The best lupus litmus test: What does Darwin do?

You're well aware that, over the years,  I've relied on my pug pups to aide in managing my life with lupus on more than one occasion. They encourage me to sleep, force me to stop and smell the roses, and remind me that asking for help isn't something to be ashamed of. Instead, I should walk tall when I'm smart enough to let someone else do for me that which I cannot.

(My late pug Henry had a tendency to take this last rule of thumb a bit too far; it wasn't really what he couldn't was merely anything and everything that he didn't want to do.)

But he's a pug, and he's passed on. So we'll let him slide.

You can read about my pugs' ability to keep me living well, despite lupus here, but here's a quick excerpt from a past post:

Pug lesson #4:  Don't hesitate to ask for help:

Because our pugs tend to wake up in the middle of the night and need a drink of water, we've placed a water bowl in the bathroom off of our master bedroom. Johnny and I do our best to fill up the bowl before going to bed, but every once in awhile, we forget. When Henry wakes up in the middle of the night and it's empty, he doesn't hesitate to ask someone to come to the rescue. His first attempt to get help is to tip the empty, plastic water bowl over with his paw so that it topples over and clanks, clanks, clanks against the tile floor. It's a wonderful sound to hear in the middle of the night, I can assure you, but most of the time, it gets our attention. However, if neither of his parents come running fast enough, Henry comes out of the bathroom, looks up like, "Uh, Helloooo. Didn't you hear the empty bowl clanking on the floor?" and gives a bark or two. If this still doesn't arouse us in the time he deems appropriate, he heads to the door stopper attached to the wall, and gives it a couple of "boing, boing, boings" to make sure we know he's in desperate need of water. Poor guy. Maybe he shouldn't head to the salt lick so soon before bed.

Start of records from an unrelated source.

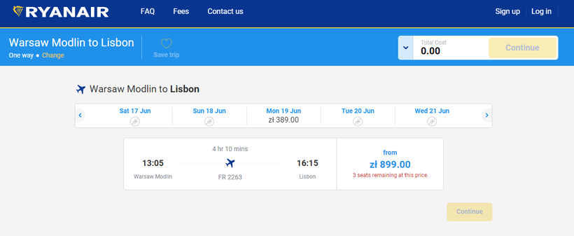 Второй аэропорт Варшавы называется Варшава-Модлин Мазовия. Он находится в 40 км от города, сюда можно добраться на автобусах OKbus и ModlonBus. Остановка автобусов находится возле метро Centrum. Аэропорт Модлин обслуживает компании лоукостеры. Отсюда можно улететь в Лиссабон прямым рейсом компании Ryanair. Компания Ryanair – продаёт одни из самых дешёвых авиабилетов в Европе. Когда я бронировал билеты, то цены у Ryanair и Wizzair были одинаковые, но кто знает как они изменятся в дальнейшем.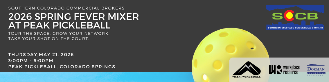 Welcome Southern Colorado Commercial Brokers! Welcome to the Southern Colorado Commercial Brokers (SCCB)! Your premier resource of real estate services for southern Colorado brokerage industry. In late 2014, Commercial real estate brokers and Realtors® in Colorado Springs and Southern Colorado formed a new non-profit professional organization, Southern Colorado Commercial Brokers (SCCB) that replaces their former group, RCIS, a committee of Pikes Peak Association of Realtors® (PPAR). SCCB’s mission is to provide commercial real estate Brokers, Realtors® and Business Affiliate organizations in the Southern Colorado region with a platform that promotes business integrity and ethical practices, and provides educational and networking opportunities, as well as accurate market information. SCCB Needs and Wants!Attention SCCB Members Only! The SCCB [email protected] email distribution is NOW available for your use! You must be a PAID SCCB Member to be included in this distribution list and/or utilize this EXCLUSIVE Needs and Wants Email Distribution List. Once your SCCB membership application is processed, you are automatically added to the distribution list. To begin using the Needs and Wants email distribution, simply add the following email address to your email contacts list and be sure to set as a "Safe Sender" - then enter this address in the recipient field. Click Here for the Needs & Wants User Guidelines! 2026 Marketing Opportunities NOW Available! Invest as a Sponsor of SCCB - your premier resource of real estate services for the Southern Colorado Brokerage Community. |
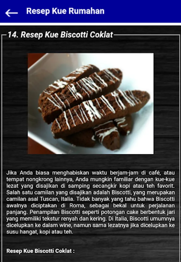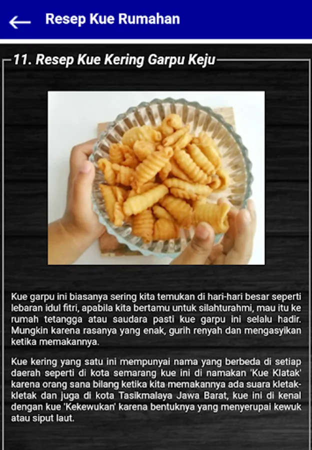 Contains a collection of various pastries, cakes and traditional cakes. Pastries are the term cake that is hard but crispy textured which has a very low moisture content because it is made in the oven. This application is to make it easier for mothers to look for references on recipe cakes to be made.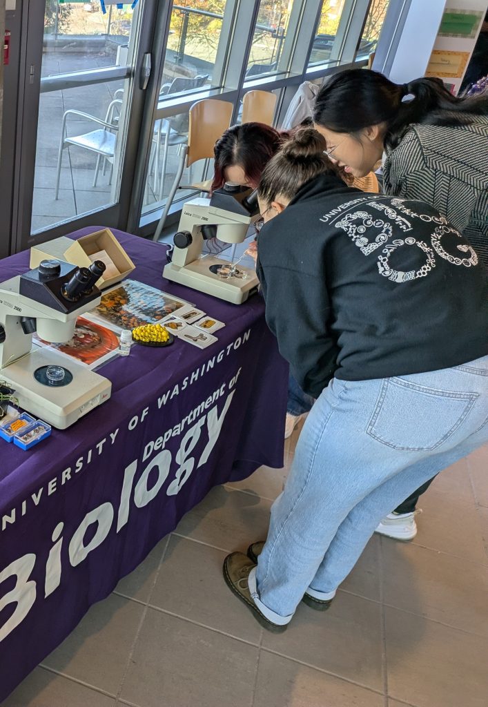 We partnered with Princess and Lydia from the Ahmed Lab to host a booth called “Think Like a Bug for the 2025 UW Brain Awareness Open House. The booth featured a demonstration of Drosophila courtship behavior, examples of insect brains, and an interactive activity where students guessed how bumblebees might respond to different flower scents. It was a fun way to share what we study and spark curiosity about insect behavior!

I was the exact opposite. I NEVER asked for help, and avoided doing so whenever possible. Henry reminded me that there are people in this world who are very willing to help, if you simply ask.  


Just recently, my other pug Darwin enlightened me to another truth - the (almost) unavoidable exhaustiveness of the holiday season. I used to kid myself that the weeks leading up to the December holidays weren't really that crazy. If things did get a little frenetic come the week before Christmas, it was simply an endurance test. Could I get it all done, and not break a sweat? In years past, I've given into the frenzy, refusing to admit that maybe I just couldn't handle it all. I believed every last gift had to be perfectly chosen, wrapped, and delivered with days to spare. That Christmas wasn't really Christmas unless 6 different batches of cookies were made. And if I did show signs of wear and tear due to the flurry of activity, I was failing the test. 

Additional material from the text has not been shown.